Pictures aside, the output must consist of the lines from the one containing "袖に流れるようなケープスリーブを配し、腕の動きに優雅な余韻をプラスします。" through the end of the data, reproduced exactly.

(Items listed in a dataset)
_ _ _ _ _ _ _

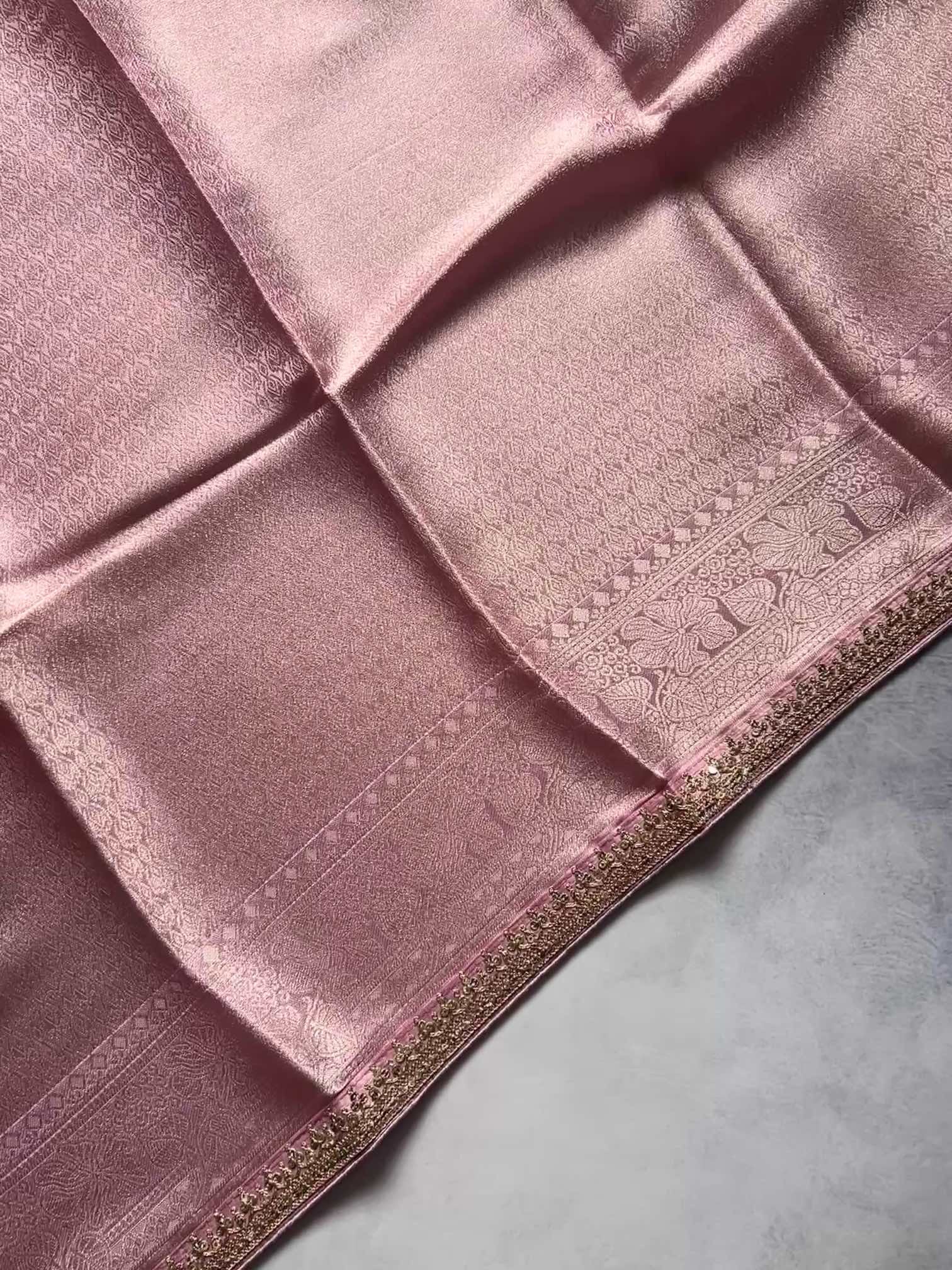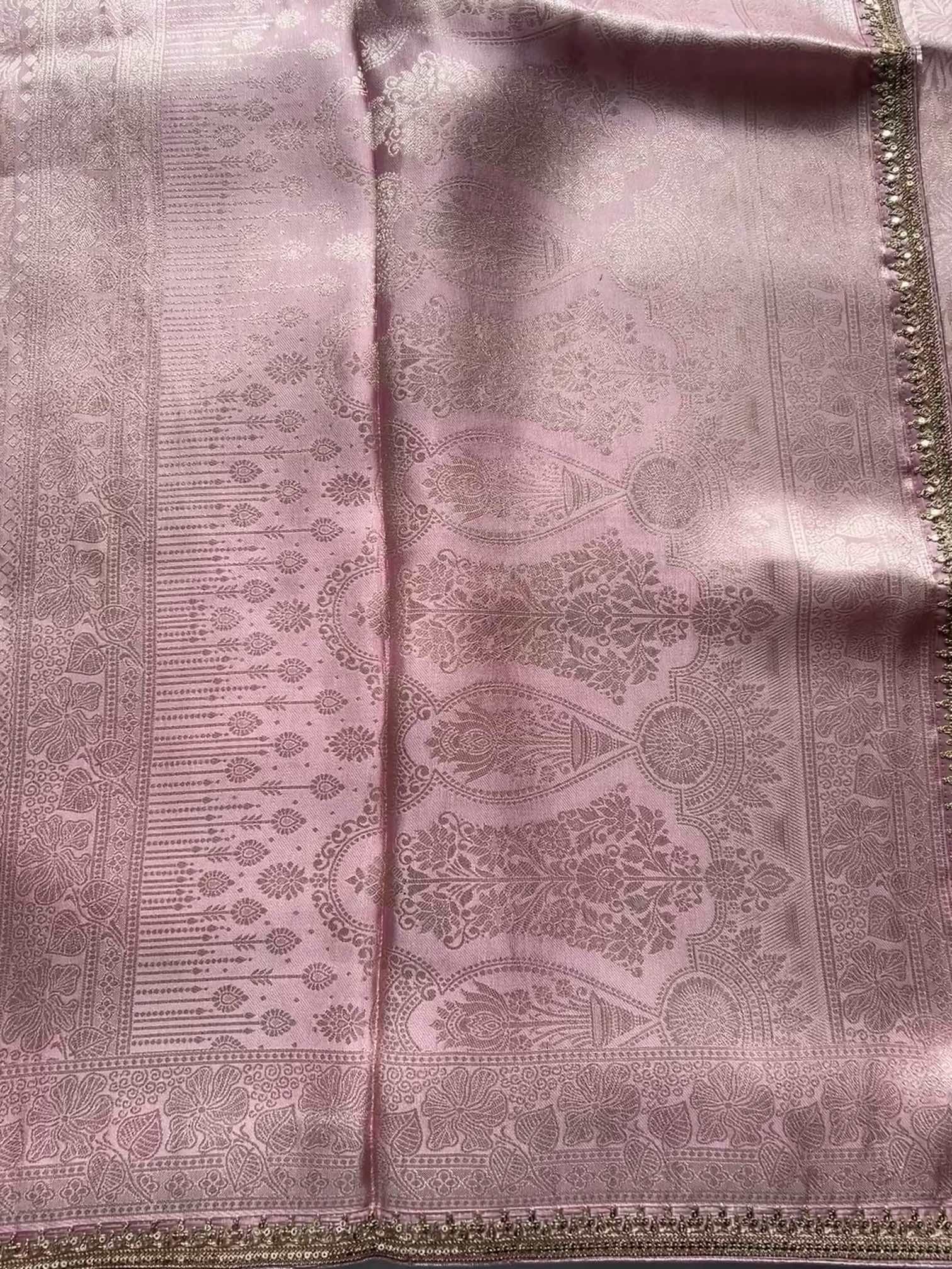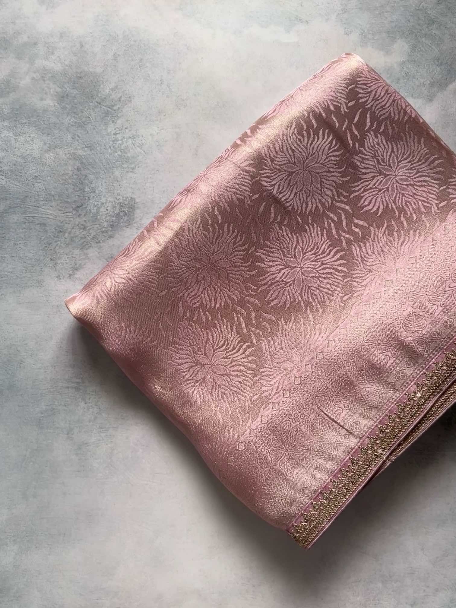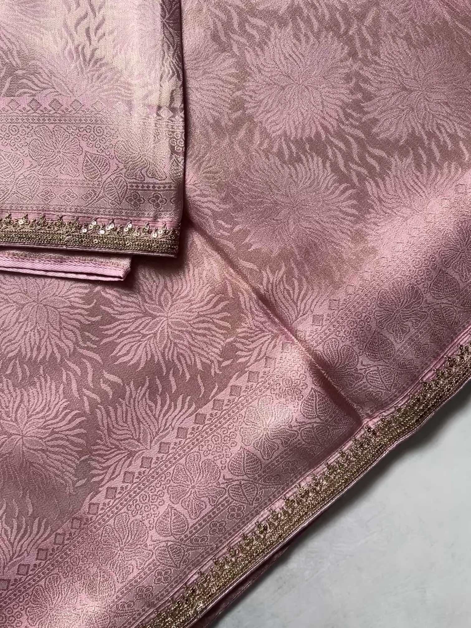The Banaras brocade saree is a timeless symbol of Indian elegance, known for its luxurious silk fabric and intricate zari work. When adorned with embroidery appliqué work along the border, it becomes a true masterpiece. The rich brocade weaves — often featuring floral and Mughal motifs — are beautifully complemented by the detailed appliqué, adding texture, contrast, and an artisanal charm. This fusion of tradition and craftsmanship creates a saree that is both regal and expressive — perfect for grand occasions where grace meets heritage.
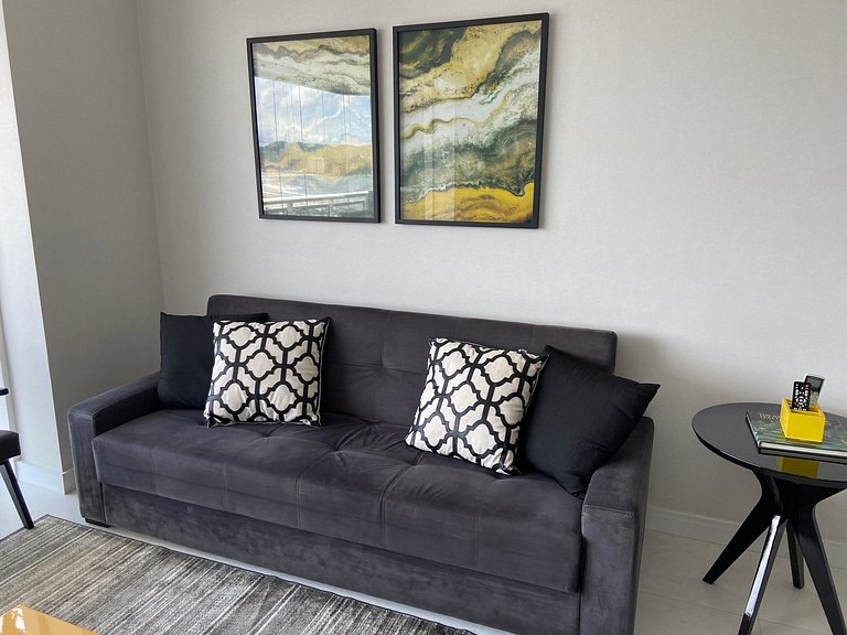 Com vista para o mar/Emissário e envidraçamento na sacada, o apartamento é amplo e perfeito para hospedagens de viagem ou para curtir a praia com a familia, acomodando até 4 pessoas em seus 54m².
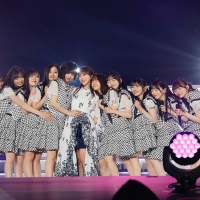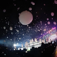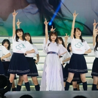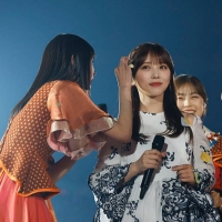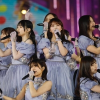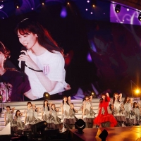 その後「今喋りきれなかった愛を精一杯込めて歌います」と告げるも、間違えて前日のアンコール1曲目に披露した「誰かの肩」をアナウンスしてしまい、会場が笑いにつつまれる。どこまでも与田らしいマイペースぶりに客席を優しい空気で充満すると、気を取り直して前夜にサプライズで配信された与田のソロ曲「100日目」を、最初で最後となるライブ歌唱をしてみせる。彼女らしさが凝縮されたこの曲をしっとり歌い切ると、会場は温かな拍手で包まれる。そして「他人のそら似」や「左胸の勇気」を歌いながら、与田はフロートに乗って観客に別れの挨拶をして回る。さらに、ステージ上にメンバーが勢揃いした「ジコチューで行こう!」では、間奏の“だるまさんが転んだ”で井上が与田の頬にキスする一幕もあり、ドーム内の熱気は最高潮に到達した。
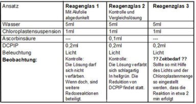 Hill-Reaktion mit isolierten Chloroplasten, Einfluss der Lichtmenge, der Kohlenstoffdioxidmenge, der Lichtqualität an der Photosynthese beteiligte Farbstoffe Fluoreszenz bei isoliertem Chlorophyll
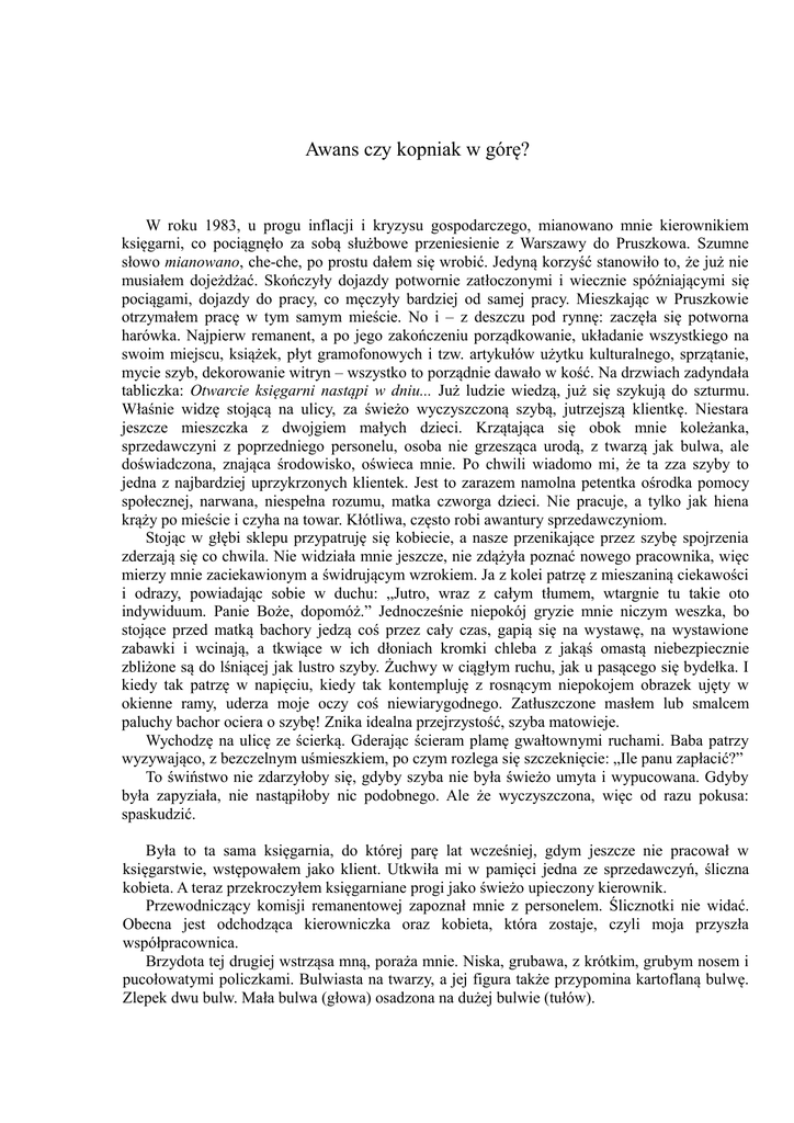 Awans czy kopniak w górę? W roku 1983, u progu inflacji i kryzysu gospodarczego, mianowano mnie kierownikiem księgarni, co pociągnęło za sobą służbowe przeniesienie z Warszawy do Pruszkowa. Szumne słowo mianowano, che-che, po prostu dałem się wrobić. Jedyną korzyść stanowiło to, że już nie musiałem dojeżdżać. Skończyły dojazdy potwornie zatłoczonymi i wiecznie spóźniającymi się pociągami, dojazdy do pracy, co męczyły bardziej od samej pracy. Mieszkając w Pruszkowie otrzymałem pracę w tym samym mieście. No i – z deszczu pod rynnę: zaczęła się potworna harówka. Najpierw remanent, a po jego zakończeniu porządkowanie, układanie wszystkiego na swoim miejscu, książek, płyt gramofonowych i tzw. artykułów użytku kulturalnego, sprzątanie, mycie szyb, dekorowanie witryn – wszystko to porządnie dawało w kość. Na drzwiach zadyndała tabliczka: Otwarcie księgarni nastąpi w dniu... Już ludzie wiedzą, już się szykują do szturmu. Właśnie widzę stojącą na ulicy, za świeżo wyczyszczoną szybą, jutrzejszą klientkę. Niestara jeszcze mieszczka z dwojgiem małych dzieci. Krzątająca się obok mnie koleżanka, sprzedawczyni z poprzedniego personelu, osoba nie grzesząca urodą, z twarzą jak bulwa, ale doświadczona, znająca środowisko, oświeca mnie. Po chwili wiadomo mi, że ta zza szyby to jedna z najbardziej uprzykrzonych klientek. Jest to zarazem namolna petentka ośrodka pomocy społecznej, narwana, niespełna rozumu, matka czworga dzieci. Nie pracuje, a tylko jak hiena krąży po mieście i czyha na towar. Kłótliwa, często robi awantury sprzedawczyniom. Stojąc w głębi sklepu przypatruję się kobiecie, a nasze przenikające przez szybę spojrzenia zderzają się co chwila. Nie widziała mnie jeszcze, nie zdążyła poznać nowego pracownika, więc mierzy mnie zaciekawionym a świdrującym wzrokiem. Ja z kolei patrzę z mieszaniną ciekawości i odrazy, powiadając sobie w duchu: „Jutro, wraz z całym tłumem, wtargnie tu takie oto indywiduum. Panie Boże, dopomóż.” Jednocześnie niepokój gryzie mnie niczym weszka, bo stojące przed matką bachory jedzą coś przez cały czas, gapią się na wystawę, na wystawione zabawki i wcinają, a tkwiące w ich dłoniach kromki chleba z jakąś omastą niebezpiecznie zbliżone są do lśniącej jak lustro szyby. Żuchwy w ciągłym ruchu, jak u pasącego się bydełka. I kiedy tak patrzę w napięciu, kiedy tak kontempluję z rosnącym niepokojem obrazek ujęty w okienne ramy, uderza moje oczy coś niewiarygodnego. Zatłuszczone masłem lub smalcem paluchy bachor ociera o szybę! Znika idealna przejrzystość, szyba matowieje. Wychodzę na ulicę ze ścierką. Gderając ścieram plamę gwałtownymi ruchami. Baba patrzy wyzywająco, z bezczelnym uśmieszkiem, po czym rozlega się szczeknięcie: „Ile panu zapłacić?” To świństwo nie zdarzyłoby się, gdyby szyba nie była świeżo umyta i wypucowana. Gdyby była zapyziała, nie nastąpiłoby nic podobnego. Ale że wyczyszczona, więc od razu pokusa: spaskudzić. Była to ta sama księgarnia, do której parę lat wcześniej, gdym jeszcze nie pracował w księgarstwie, wstępowałem jako klient. Utkwiła mi w pamięci jedna ze sprzedawczyń, śliczna kobieta. A teraz przekroczyłem księgarniane progi jako świeżo upieczony kierownik. Przewodniczący komisji remanentowej zapoznał mnie z personelem. Ślicznotki nie widać. Obecna jest odchodząca kierowniczka oraz kobieta, która zostaje, czyli moja przyszła współpracownica. Brzydota tej drugiej wstrząsa mną, poraża mnie. Niska, grubawa, z krótkim, grubym nosem i pucołowatymi policzkami. Bulwiasta na twarzy, a jej figura także przypomina kartoflaną bulwę. Zlepek dwu bulw. Mała bulwa (głowa) osadzona na dużej bulwie (tułów). Natomiast ślicznotka przebywa na zwolnieniu lekarskim. Ona, jak się okazuje, dużo opuszcza. Powoli zagłębiam się w panujące tutaj stosunki. Obie one, bulwa i ślicznotka, mają z sobą na pieńku. Bulwa wiesza psy na nieobecnej. Wreszcie przychodzi moment, gdy się jej, bulwie, wydaje, iż wystarczająco nabruździła rywalce, i stawia wszystko na jedną kartę. – Ja nie chcę z nią pracować – oświadcza mi oficjalnie. Jest to coś w rodzaju ultimatum: ona albo ja. Niech kierownik wybiera. Rzeczywiście, trzeba mi wybierać. Muszę się zdecydować, z kim będę pracował, z bulwą czy ze ślicznotką. Wahanie, bicie się z myślami. Przypomina mi się raptem niedawny incydent z poplamieniem szyby i to zdecydowało. „Przyjdziesz na gotowe, sprytna ślicznotko, śliczna spryciaro, wylądujesz w pomieszczeniu z wypolerowanymi szybami, zjawisz się w chwili, gdy wszystko będzie już zapięte jeśli nie na ostatni, to na przedostatni guzik, nie, nie ma tak dobrze.” Kiedy po wykorzystaniu zwolnienia ślicznotka zjawiła się w księgarni, sprawa była już przesądzona. Trwał jeszcze remanent, pracowaliśmy przy zamkniętych drzwiach. Przebrawszy się w roboczy fartuch ślicznotka podeszła do mnie z pytaniem: – Co mam robić, panie kierowniku? Oznajmiłem jej o swoim postanowieniu. Jest oddana do dyspozycji dyrekcji. Tu, w tej księgarni, pracować nie będzie. – Pani za dużo opuszcza – uzasadniłem swoją personalną decyzję. – Ale – nie poddawała się ślicznotka – może teraz już nie będę opuszczać... Do rozmowy wtrąciła się bulwa i po chwili obie kobiety skoczyły sobie do oczu. Usłyszałem skierowane do bulwy słowa ślicznotki: „Już nawet zdążyła pani nowego kierownika podjudzić przeciwko mnie!” Nie musiałem brać udziału w burzliwej polemice i spokojnie odszedłem na bok.
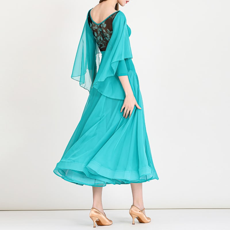 袖に流れるようなケープスリーブを配し、腕の動きに優雅な余韻をプラスします。
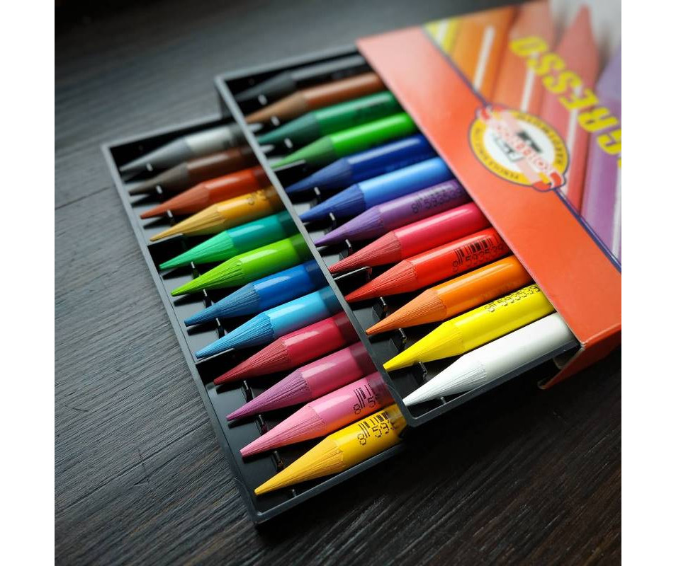 Карандаш может оставлять как тонкую линию, так и широкий след (если рисовать всей плоскостью грифеля). Покрытие – цветной лак.
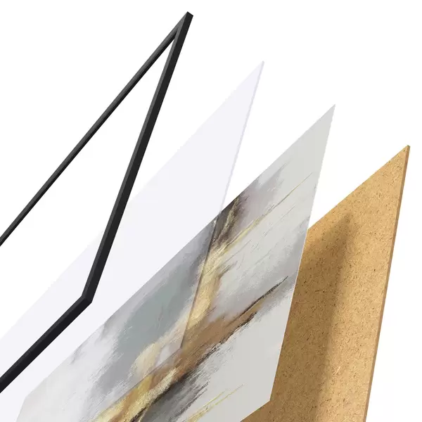 Plakatą sudaro rėmas, pleksiklas, atspausdintas vaizdas ir medžio drožlių plokštės pagrindas. Plakatą galima iš karto pakabinti ant sienos dėl kitoje pusėje esančių laikiklių.
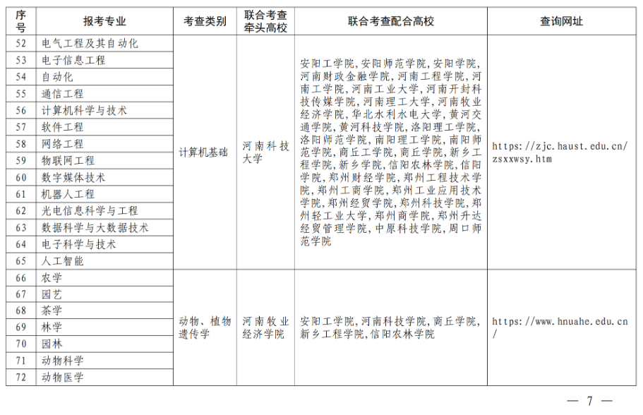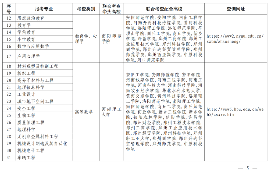 二、合理制定聯考方案。各聯合考查組要根據本專業大類培養目標和對考生能力的要求,結合報考情況,合理制定聯合考查方案,明確高校考查時間、考查地點、考查方式、錄取規則、聯系電話、網址等事項。各牽頭高校要于3月6日前將聯合考查方案上傳至“河南省普通高校招生章程核定系統”(網址:http://zszcba.haedu.gov.cn)進行核定,3月20日前向社會公布。考生可登錄附表中的相關網址進行查詢。
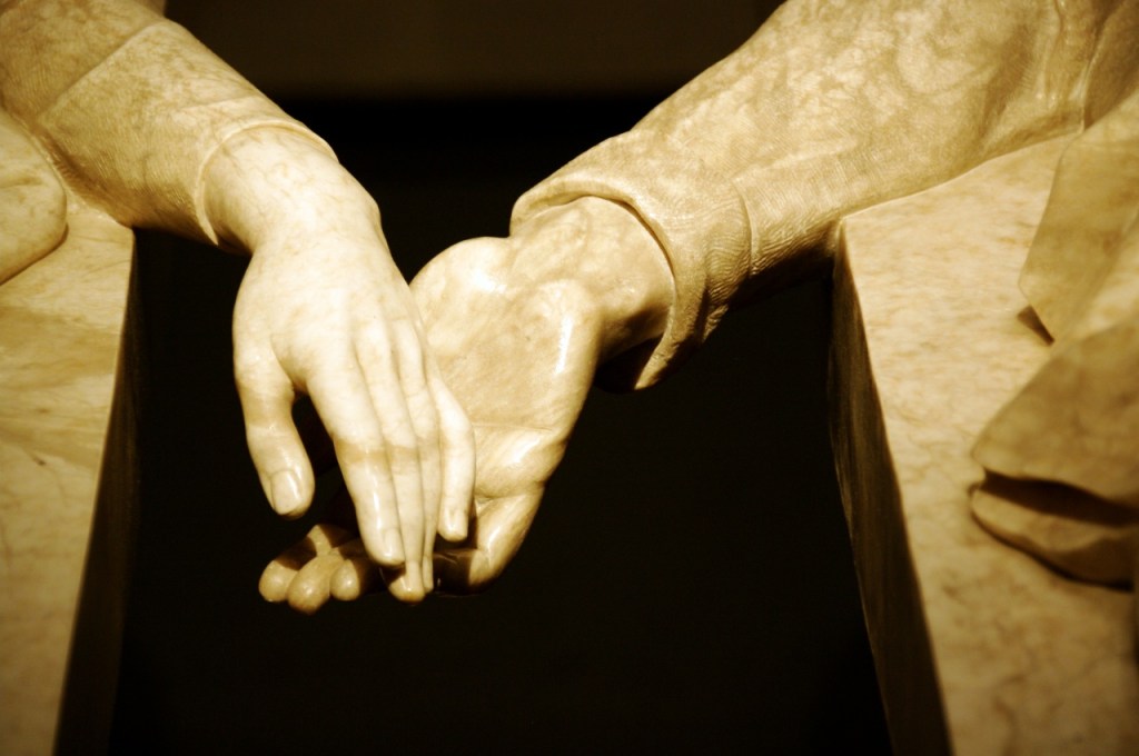 Muñoz Degraín pintó un cuadro y, finalmente, Juan de Ávalos les dio cuerpo de mármol, uniendo sus manos en un roce eterno.

_ _ _ _ _ _ _

▶ _OUTPUT FOR THIS TASK_:
 袖に流れるようなケープスリーブを配し、腕の動きに優雅な余韻をプラスします。
 Карандаш может оставлять как тонкую линию, так и широкий след (если рисовать всей плоскостью грифеля). Покрытие – цветной лак.
 Plakatą sudaro rėmas, pleksiklas, atspausdintas vaizdas ir medžio drožlių plokštės pagrindas. Plakatą galima iš karto pakabinti ant sienos dėl kitoje pusėje esančių laikiklių.
 二、合理制定聯考方案。各聯合考查組要根據本專業大類培養目標和對考生能力的要求,結合報考情況,合理制定聯合考查方案,明確高校考查時間、考查地點、考查方式、錄取規則、聯系電話、網址等事項。各牽頭高校要于3月6日前將聯合考查方案上傳至“河南省普通高校招生章程核定系統”(網址:http://zszcba.haedu.gov.cn)進行核定,3月20日前向社會公布。考生可登錄附表中的相關網址進行查詢。
 Muñoz Degraín pintó un cuadro y, finalmente, Juan de Ávalos les dio cuerpo de mármol, uniendo sus manos en un roce eterno.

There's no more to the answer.